1. A method for creating a summary of a visual recording, comprising the steps of:

evaluating the visual recording data of the visual recording; and

selecting one or more segments of the visual recording to be included in the summary of the visual recording, based on the evaluation of the visual recording data, wherein the selected segments of the visual recording comprise less than all of the visual recording.

2. A method as in claim 1, wherein the step of evaluating comprises the step of evaluating the quality of each of a plurality of visual images of the visual recording.

3. A method as in claim 2, wherein the step of evaluating comprises the step of evaluating the content of each of a plurality of visual images of the visual recording.

4. A method as in claim 3, wherein the step of evaluating comprises the step of evaluating the position in the visual recording of each of a plurality of visual images of the visual recording.

5. A method as in claim 2, wherein the step of evaluating comprises the step of evaluating the position in the visual recording of each of a plurality of visual images of the visual recording.

6. A method as in claim 1, wherein the step of evaluating comprises the step of evaluating the content of each of a plurality of visual images of the visual recording.

7. A method as in claim 1, wherein the step of evaluating comprises the step of evaluating the position in the visual recording of each of a plurality of visual images of the visual recording.

8. A method as in claim 1, wherein:

the step of evaluating comprises the step of identifying scenes in the visual recording; and

the step of selecting comprises the step of selecting one or more scenes to be included in the summary of the visual recording.

9. A method as in claim 8, wherein:

the step of evaluating comprises identifying the location of scenes in the visual recording; and

the step of selecting comprises selecting scenes based on the location of scenes in the visual recording.
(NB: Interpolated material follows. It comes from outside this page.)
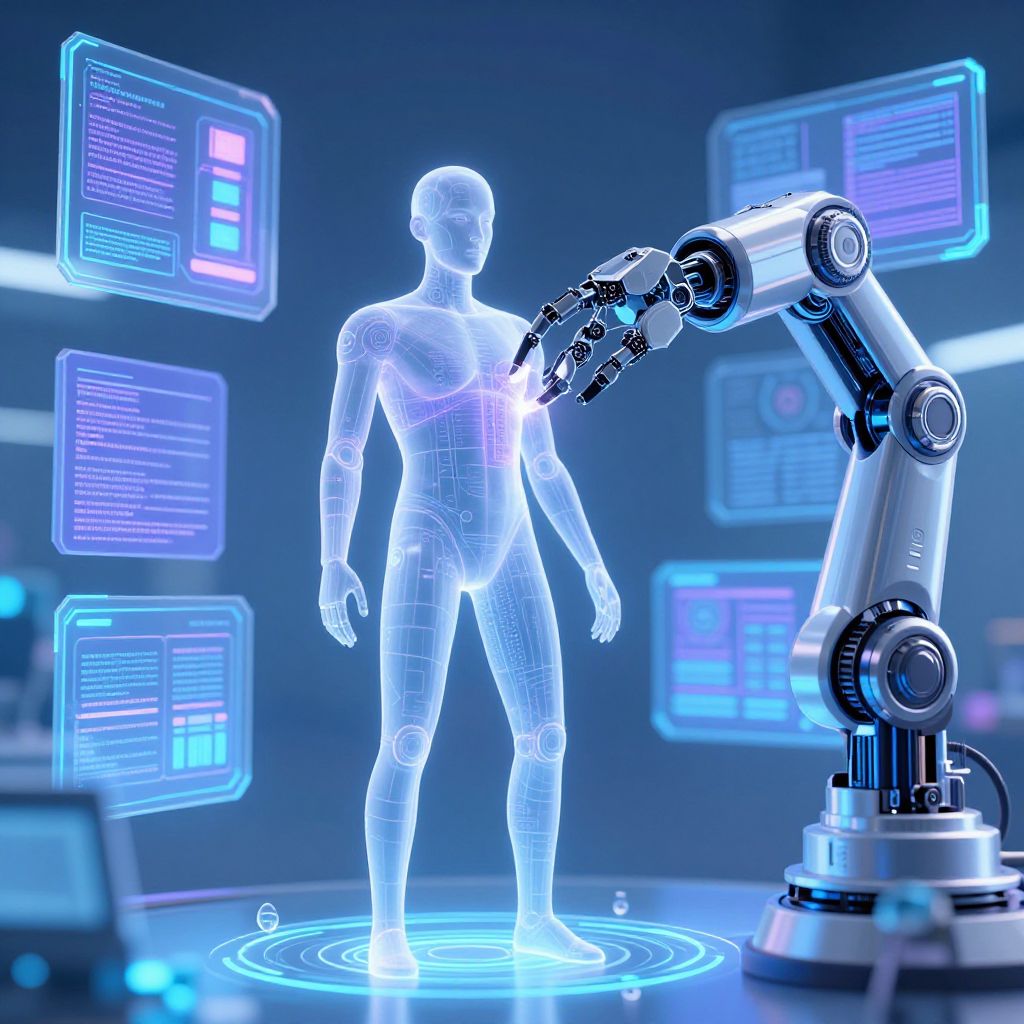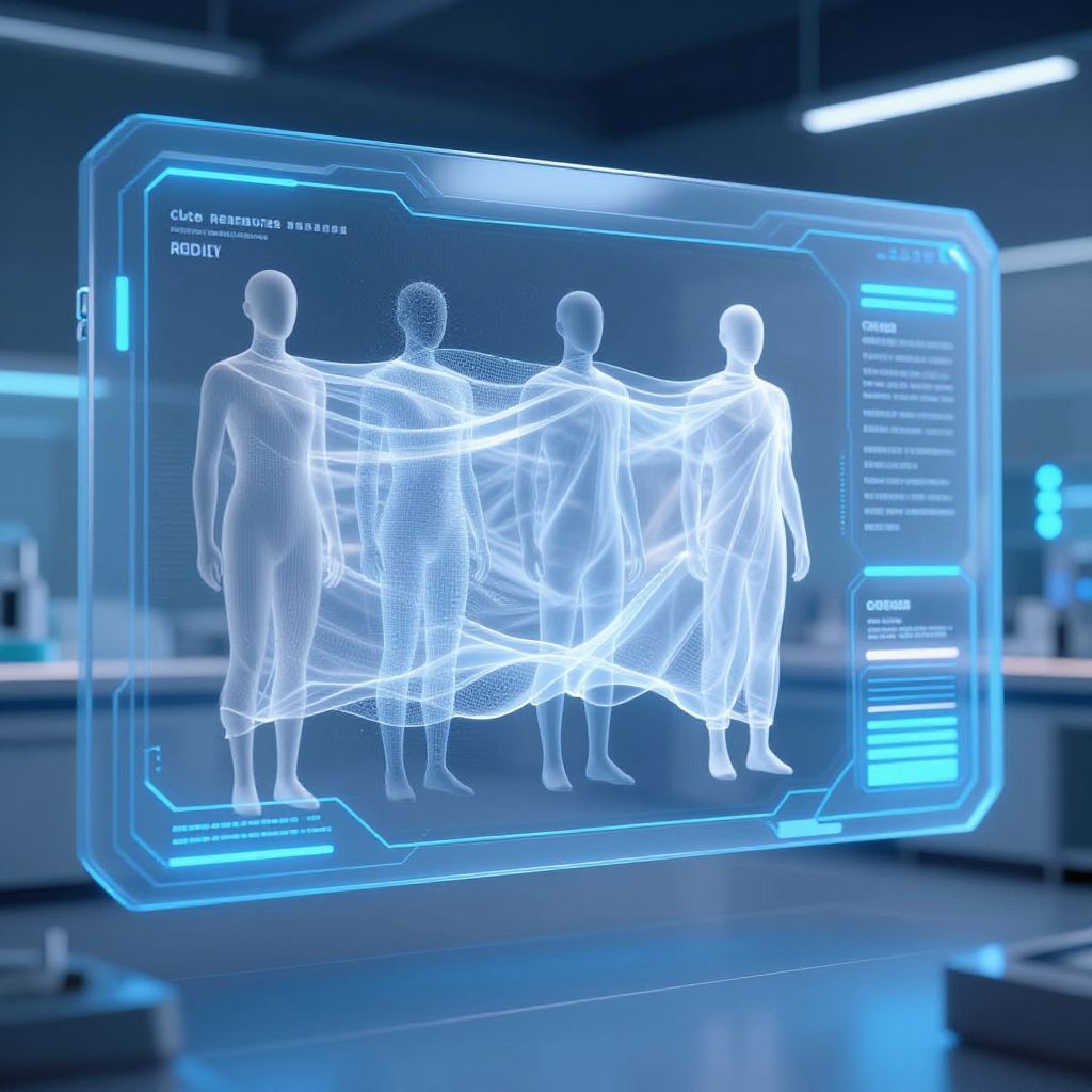 Futuristisches Labor mit schwebenden Knochenmodellen, transparente holographische Displays zeigen Knochenaufbau, kaltes Blau und Weiß, High-Tech Atmosphäre, ultra-detaillierte Knochenplatten und Gelenke, wissenschaftliche Präzision

10. A method as in claim 8, wherein:

the step of evaluating comprises the steps of:

identifying keyframes for the identified scenes; and

evaluating the keyframes; and

the step of selecting comprises selecting scenes based on the evaluation of the keyframes.

11. A method as in claim 10, wherein the step of identifying keyframes comprises the step of evaluating the location of one or more visual images in each of the scenes.

12. A method as in claim 10, wherein the step of identifying keyframes comprises the step of evaluating the content of one or more visual images in each of the scenes.

13. A method as in claim 10, wherein the step of evaluating the keyframes further comprises the step of evaluating the quality, content and/or position in the visual recording of each keyframe.

14. A method as in claim 8, wherein the step of electing comprises the step of determining whether each scene meets a specified criterion or criteria.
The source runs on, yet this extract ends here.